If the ACCC seeks to follow the international tide of merger reforms to account for common ownership or minority interests, it may need to articulate the precise levels of ownership it thinks should be captured by any new regulation. This is particularly important if the ACCC continues to promote the introduction of a suspensory and mandatory merger review regime. Given the ACCC Chair's public support for such a regime, along with increasingly staunch rhetoric, this may be making landfall in Australia in the future. 

We recommend seeking advice about your transactions if you are concerned about what this could mean for your deal. Allens leads the market in getting transactions through the ACCC, often at an early stage in the review process, and can advise you on next steps.

Footnotes

  1. ACCC Merger Guidelines, paragraphs 9-18

  2. For example, under the EU Merger Regulation, control can be acquired 'by rights, contracts or any other means which… confer the possibility of exercising decisive influence on an undertaking [ie, the target], in particular by: (a) ownership or the right to use all or part of the assets of an undertaking [ie, target]; rights or contracts which confer decisive influence on the composition, voting or decisions of the organs of an undertaking' (Article 3(2), EU Merger Regulation). This is further supported by the EU Consolidated Jurisdictional Notice which confirms that '[c]ontrol can also be acquired on a contractual basis' where it leads 'to a similar control of the management and the resources of the other undertaking as in the case of acquisition of shares or assets' (at paragraph 18). Additionally, where a company has the 'right to manage' another company's affairs, the managed company's affairs are taken into account in the manager's turnover for the purposes of determining whether the EU merger thresholds are satisfied (EUMR, Article 4(b)(iv)). The EU Jurisdictional Notice also contemplates 'the right to manage the activities of a company and determine its business policy' by 'a general party in a limited partnership which often does not even have a shareholding' (paragraph 57).

  3. See, 21 July 2016, ACCC Public Competition Assessment, Brookfield, Qube & Ors / Asciano, paragraphs 107-118, available at: <https://www.accc.gov.au/system/files/public-registers/documents/MER16%2B6932.pdf>.

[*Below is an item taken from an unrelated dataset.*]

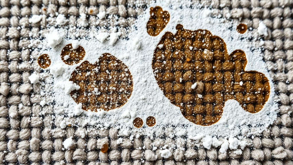 Additionally, choosing a vacuum cleaner with high suction power can help remove the powder more effectively, especially on deep fibers. It’s important to note that these household solutions are just one part of stain removal techniques. If the stain persists, you might need to try cleaning product comparisons to find an appropriate commercial stain remover. Always test any product on a small, inconspicuous area first to avoid damage. Remember, patience and proper technique are key. This simple method using talcum powder or cornstarch is cost-effective, quick, and eco-friendly—making it a smart first step before resorting to stronger cleaning products. With a little effort, you can effectively remove greasy stains and keep your rug looking fresh.

  4. Specifically, the ACCC considered two sets of cross-shareholdings. First, the minority interests held by bcIMC in both Pacific National (of 12%) and Dalrymple Bay Coal Terminal (DBCT) (of 9%), giving rise to a level of vertical integration, with the ACCC concluding this would not give bcIMC the ability to control or materially influence the operation of DBCT Management and therefore preferential treatment of Pacific National trains and customers at DBCT was not likely. Second, CPPIB's shareholdings of 9.99% in Qube and 33% in Pacific National, concluding these were not likely to change Qube's incentives to compete with Pacific National, or give CPPIB sufficient incentive to influence the operations of Pacific National to favour Qube or refrain from competing with Qube (even if this was possible), or result in any flow of commercially sensitive information that would result in an SLC.